Outcome reporting bias in clinical trials: why monitoring mattersBMJ 2017; 356 doi: https://doi.org/10.1136/bmj.j408 (Published 14 February 2017) Cite this as: BMJ 2017;356:j408
- 1Departments of Medicine, Health Research and Policy, and Statistics, and Meta-Research Innovation Center at Stanford (METRICS), Stanford University, Palo Alto, CA 94305, USA
- 2Division of Medical Ethics, School of Medicine, NYU Langone Medical Center, New York, NY 10016, USA
- 3Clinical Research, BUC (Biosciences UAM+CSIC) Program, International Campus of Excellence, Universidad Autónoma de Madrid, Ciudad Universitaria de Cantoblanco, Madrid 28049, Spain
- Correspondence to: J P A Ioannidis
Selective reporting of outcomes can bias clinical trials.1 This happens when investigators publish some prespecified outcomes but not others, depending on the nature and direction of the results. They may also add outcomes that were not prespecified or modify some of the prespecified outcomes in subtle or major ways. These selective reporting practices tend to make trial results more attractive but also spurious.
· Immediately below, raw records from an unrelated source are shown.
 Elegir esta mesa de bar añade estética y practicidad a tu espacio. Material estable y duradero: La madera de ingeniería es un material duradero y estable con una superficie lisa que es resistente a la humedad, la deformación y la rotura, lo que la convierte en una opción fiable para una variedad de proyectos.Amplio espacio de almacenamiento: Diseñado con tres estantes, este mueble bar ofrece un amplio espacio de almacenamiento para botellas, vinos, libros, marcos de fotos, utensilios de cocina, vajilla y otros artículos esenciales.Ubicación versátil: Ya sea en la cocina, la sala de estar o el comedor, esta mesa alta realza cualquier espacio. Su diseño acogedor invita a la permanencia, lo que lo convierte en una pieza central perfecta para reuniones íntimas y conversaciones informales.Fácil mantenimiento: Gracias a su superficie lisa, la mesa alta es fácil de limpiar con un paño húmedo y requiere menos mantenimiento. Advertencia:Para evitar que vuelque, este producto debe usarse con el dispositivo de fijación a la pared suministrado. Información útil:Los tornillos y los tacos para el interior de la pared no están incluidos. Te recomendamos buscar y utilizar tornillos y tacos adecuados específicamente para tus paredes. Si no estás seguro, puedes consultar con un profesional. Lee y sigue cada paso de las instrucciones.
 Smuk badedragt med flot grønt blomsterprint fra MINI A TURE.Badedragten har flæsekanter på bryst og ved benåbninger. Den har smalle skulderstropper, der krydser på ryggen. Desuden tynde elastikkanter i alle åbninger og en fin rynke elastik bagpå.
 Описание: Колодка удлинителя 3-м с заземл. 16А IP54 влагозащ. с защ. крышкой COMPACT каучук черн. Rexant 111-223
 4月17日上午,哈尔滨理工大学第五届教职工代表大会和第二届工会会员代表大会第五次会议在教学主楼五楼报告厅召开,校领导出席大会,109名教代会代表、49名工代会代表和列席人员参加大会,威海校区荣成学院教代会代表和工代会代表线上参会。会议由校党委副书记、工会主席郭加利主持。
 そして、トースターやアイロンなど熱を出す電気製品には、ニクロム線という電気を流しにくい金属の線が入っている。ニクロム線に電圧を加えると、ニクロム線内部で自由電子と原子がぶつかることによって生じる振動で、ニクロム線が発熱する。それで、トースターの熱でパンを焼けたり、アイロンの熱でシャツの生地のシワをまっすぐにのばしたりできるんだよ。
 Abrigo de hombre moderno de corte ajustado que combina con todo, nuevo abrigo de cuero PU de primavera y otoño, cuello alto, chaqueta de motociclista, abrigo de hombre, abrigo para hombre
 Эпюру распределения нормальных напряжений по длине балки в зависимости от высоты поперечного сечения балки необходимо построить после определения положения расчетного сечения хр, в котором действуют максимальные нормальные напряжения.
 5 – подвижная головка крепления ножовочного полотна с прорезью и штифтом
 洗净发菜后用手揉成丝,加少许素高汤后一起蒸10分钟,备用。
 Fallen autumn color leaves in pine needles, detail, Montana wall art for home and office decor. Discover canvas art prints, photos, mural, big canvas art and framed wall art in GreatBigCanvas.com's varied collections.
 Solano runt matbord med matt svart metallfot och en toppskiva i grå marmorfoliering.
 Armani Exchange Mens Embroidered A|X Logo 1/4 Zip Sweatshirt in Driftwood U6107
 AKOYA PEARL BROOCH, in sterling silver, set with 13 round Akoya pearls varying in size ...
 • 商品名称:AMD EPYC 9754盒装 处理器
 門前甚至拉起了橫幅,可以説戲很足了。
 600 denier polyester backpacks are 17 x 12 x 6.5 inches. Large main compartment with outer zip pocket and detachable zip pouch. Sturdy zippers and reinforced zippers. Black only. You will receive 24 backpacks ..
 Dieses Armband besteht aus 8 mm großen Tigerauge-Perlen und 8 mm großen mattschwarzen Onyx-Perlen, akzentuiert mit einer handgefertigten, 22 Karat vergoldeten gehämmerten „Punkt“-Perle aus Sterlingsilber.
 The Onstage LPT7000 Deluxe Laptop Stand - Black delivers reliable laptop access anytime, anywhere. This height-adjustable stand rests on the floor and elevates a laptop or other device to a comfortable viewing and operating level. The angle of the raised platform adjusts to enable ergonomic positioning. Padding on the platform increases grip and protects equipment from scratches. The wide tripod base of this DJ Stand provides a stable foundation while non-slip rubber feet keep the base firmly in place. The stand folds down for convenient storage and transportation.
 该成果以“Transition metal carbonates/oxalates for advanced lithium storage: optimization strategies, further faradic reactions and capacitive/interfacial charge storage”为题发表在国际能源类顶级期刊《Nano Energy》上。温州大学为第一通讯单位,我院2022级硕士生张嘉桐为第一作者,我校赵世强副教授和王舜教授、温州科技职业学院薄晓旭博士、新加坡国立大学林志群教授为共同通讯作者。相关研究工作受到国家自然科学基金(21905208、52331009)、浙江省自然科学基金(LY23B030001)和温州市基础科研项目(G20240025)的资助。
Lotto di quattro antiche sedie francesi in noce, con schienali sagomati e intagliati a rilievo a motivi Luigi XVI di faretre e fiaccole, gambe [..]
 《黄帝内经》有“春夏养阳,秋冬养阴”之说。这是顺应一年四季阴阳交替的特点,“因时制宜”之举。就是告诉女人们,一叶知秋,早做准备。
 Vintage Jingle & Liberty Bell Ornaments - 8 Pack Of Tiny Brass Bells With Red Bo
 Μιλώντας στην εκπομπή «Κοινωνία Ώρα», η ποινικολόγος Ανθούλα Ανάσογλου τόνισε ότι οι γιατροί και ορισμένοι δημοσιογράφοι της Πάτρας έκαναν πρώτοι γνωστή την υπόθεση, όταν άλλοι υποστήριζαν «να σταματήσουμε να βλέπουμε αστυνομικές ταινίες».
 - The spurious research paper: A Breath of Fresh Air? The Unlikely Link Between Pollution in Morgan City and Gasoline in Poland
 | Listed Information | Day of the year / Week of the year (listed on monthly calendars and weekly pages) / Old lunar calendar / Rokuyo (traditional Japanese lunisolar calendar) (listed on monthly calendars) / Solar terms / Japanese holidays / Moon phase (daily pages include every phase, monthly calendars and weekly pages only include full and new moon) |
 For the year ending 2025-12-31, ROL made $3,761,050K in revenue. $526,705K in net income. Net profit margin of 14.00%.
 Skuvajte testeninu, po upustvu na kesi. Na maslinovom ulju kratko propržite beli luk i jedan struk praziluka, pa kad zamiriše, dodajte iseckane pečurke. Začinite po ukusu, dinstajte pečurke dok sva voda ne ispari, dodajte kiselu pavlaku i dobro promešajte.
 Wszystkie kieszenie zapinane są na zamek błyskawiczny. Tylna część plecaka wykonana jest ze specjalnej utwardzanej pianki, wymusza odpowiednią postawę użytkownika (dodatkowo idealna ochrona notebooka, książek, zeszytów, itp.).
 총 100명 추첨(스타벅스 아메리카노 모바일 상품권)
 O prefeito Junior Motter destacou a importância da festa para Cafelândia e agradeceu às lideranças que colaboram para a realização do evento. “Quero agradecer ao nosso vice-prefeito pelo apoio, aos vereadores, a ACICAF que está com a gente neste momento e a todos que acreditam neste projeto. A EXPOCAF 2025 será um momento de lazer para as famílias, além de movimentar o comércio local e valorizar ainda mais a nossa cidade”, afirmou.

The proposed solution has been trial registration, including the explicit listing of prespecified outcomes before launch, and the transparent description of all changes that occur afterwards. The BMJ asks the guarantor of research to sign a declaration of transparency at submission, stating that the manuscript is an “honest, accurate, and transparent account” of the methods and results, including explanations of “any discrepancies from the study as planned” (http://www.bmj.com/about-bmj/resources-authors/). We discuss efforts to identify discrepancies between trial protocols and published papers and outline possible quality control measures for the future.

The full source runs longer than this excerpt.